Please return exactly the lines from the top of the data through the line that contains "Our tour to", and skip all pictures.

▶ **Provided material**
▼
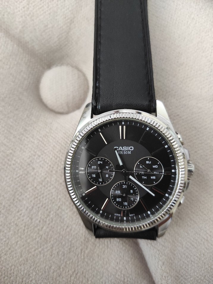 Casio erkek kol saati, siyah kadran ve üç alt kadran ile gümüş çerçeveye sahip. Siyah deri kayışlı, 50 metre su geçirmezlikli klasik biker tarzı. ⌚
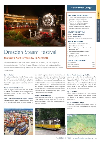 Our tour to Dresden for the Steam Festival has become an annual favourite. Enjoy lots of Escorted holiday £1,895
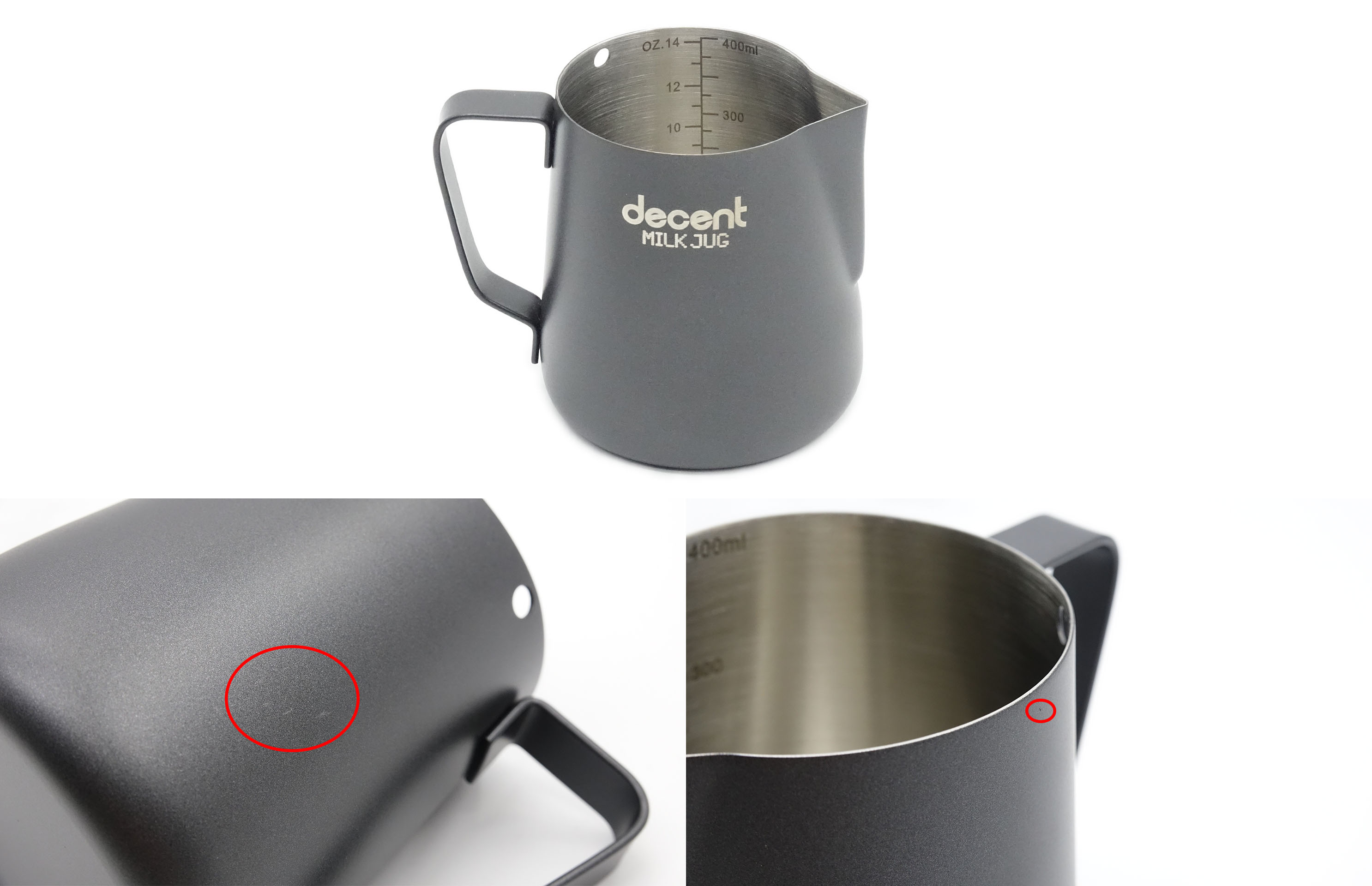 This milk jug size is the best size for single milk drinks. In addition, a common advanced latte art technique is to steam in a small milk jug, then transfer the milk to a larger jug for pouring latte art.
▲
▶ **Output for this task**
 Casio erkek kol saati, siyah kadran ve üç alt kadran ile gümüş çerçeveye sahip. Siyah deri kayışlı, 50 metre su geçirmezlikli klasik biker tarzı. ⌚
 Our tour to Dresden for the Steam Festival has become an annual favourite. Enjoy lots of Escorted holiday £1,895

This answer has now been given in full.